The Complete Works of William Shakespeare Abridged at Bloomington Civic Theatre

10437804_10152260139176216_958022988250839037_nShakespeare wrote 37 plays, it would probably take you about 40 hours to read those; possibly longer if you stopped and took the time to comprehend what you’re reading. To see those plays live on stage, would be numerous hours of sitting in a darkened theatre.

But who has time for that? We live in a world of instant gratification and shortcuts. Thankfully, Bloomington Civic Theatre’s latest production in their Black Box Theater, The Complete Works of William Shakespeare: Abridged has us covered. In two hours we are taken on a roller coaster ride navigating through all 37 plays written by the Bard.

The premise of the play is three “Shakespearean Scholars” perform all 37 of Shakespeare’s plays in just under two hours. As you’d expect a few details and not so important lines and scenes are cut for time restraints; which leaves for some interesting and hilarious recaps such as the tragedy play “Titus Andronicus” which is turned into a cooking show. Most of the second act is dedicated to dissecting “Hamlet”, particularly the character of Ophelia and relies heavily on audience participation. This provides a hilarious look at the tragic Prince of Denmark.

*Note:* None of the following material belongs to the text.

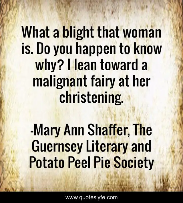 This page presents the quote "What a blight that woman is. Do you happen to know why? I lean toward a malignant fairy at her christening.". Author of this quote is Mary Ann Shaffer, The Guernsey Literary and Potato Peel Pie Society. .

The three actors tasked with taking us on our journey through Shakespeare’s work are Randall J. Funk, Dave Gangler and David Tufford. The comedic timing of these three is excellent. They do a superb job mixing a scripted show with improv, at the show I saw they integrated the University of Minnesota’s Football win over Michigan earlier that afternoon into the show. All three physically throw themselves into the show and pull out all the stops to get laughs.

Who knew you could use pop culture references, football, and the Kardashians to explain the plots of Shakespeare’s plays? Definitely not me. But these topics not only work, but make you realize that the Bard’s works are still relevant in today’s society and just not in an English class.